The U.S. Department of Health and Human Services has information on how to quit smoking.

Reduce Stress
Research shows that the most commonly reported "trigger" for a heart attack is an emotionally upsetting event—particularly one involving anger. Also, some of the ways people cope with stress, such as drinking, smoking, or overeating, aren't heart healthy.

Physical activity can help relieve stress and reduce other atherosclerosis risk factors. Many people also find that meditation or relaxation therapy helps them reduce stress.

To help slow or reverse atherosclerosis, your doctor may prescribe medicines to help lower your cholesterol or blood pressure or prevent blood clots from forming.

For successful treatment, take all medicines as your doctor prescribes.

Medical Procedures and Surgery
If you have severe atherosclerosis, your doctor may recommend one of several procedures or surgeries.

Angioplasty is a procedure to open blocked or narrowed coronary (heart) arteries. Angioplasty can improve blood flow to the heart, relieve chest pain, and possibly prevent a heart attack.
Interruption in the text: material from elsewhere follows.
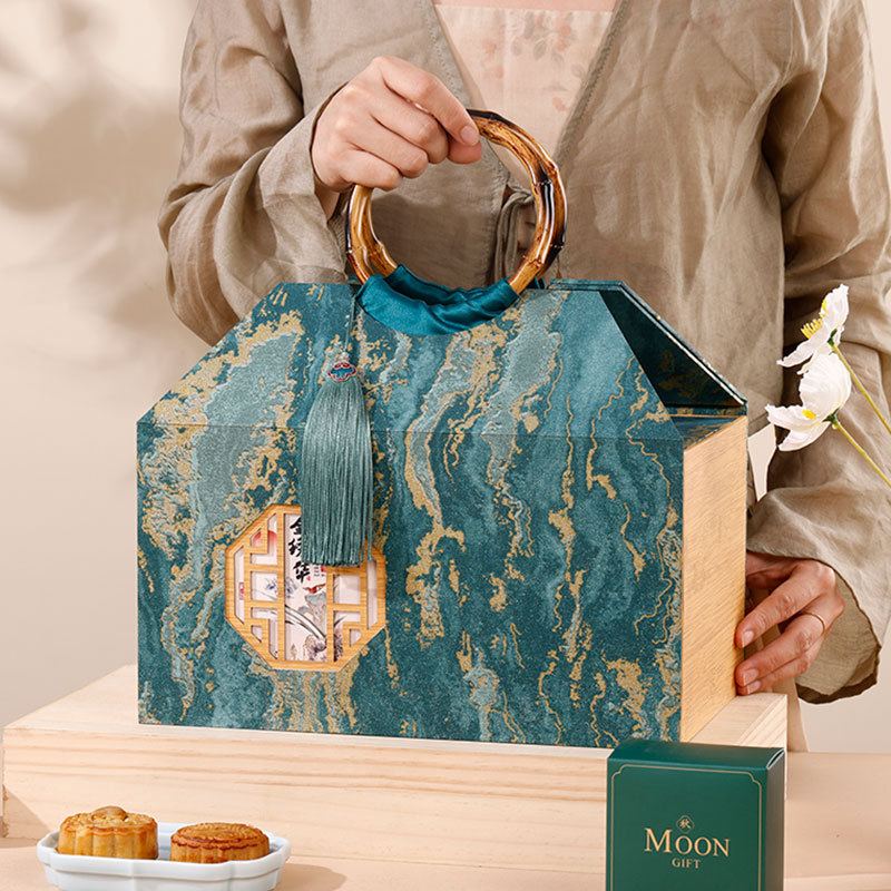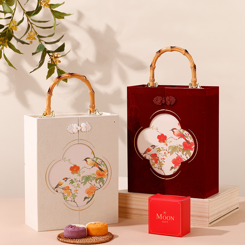 2024年中秋月餅ギフトボックス復古竹節手提げケース12粒月餅包装ボックス中秋節伴手ギフトボックス

Sometimes a small mesh tube called a stent is placed in the artery to keep it open after the procedure.

Coronary artery bypass grafting (CABG) is a type of surgery. In CABG, arteries or veins from other areas in your body are used to bypass (that is, go around) your narrowed coronary arteries. CABG can improve blood flow to your heart, relieve chest pain, and possibly prevent a heart attack.

Bypass grafting also can be used for leg arteries. In this surgery, a healthy blood vessel is used to bypass a narrowed or blocked blood vessel in one of your legs. The healthy blood vessel redirects blood around the artery, improving blood flow to the leg.

Carotid artery surgery removes plaque buildup from the carotid arteries in the neck. This opens the arteries and improves blood flow to the brain. Carotid artery surgery can help prevent a stroke.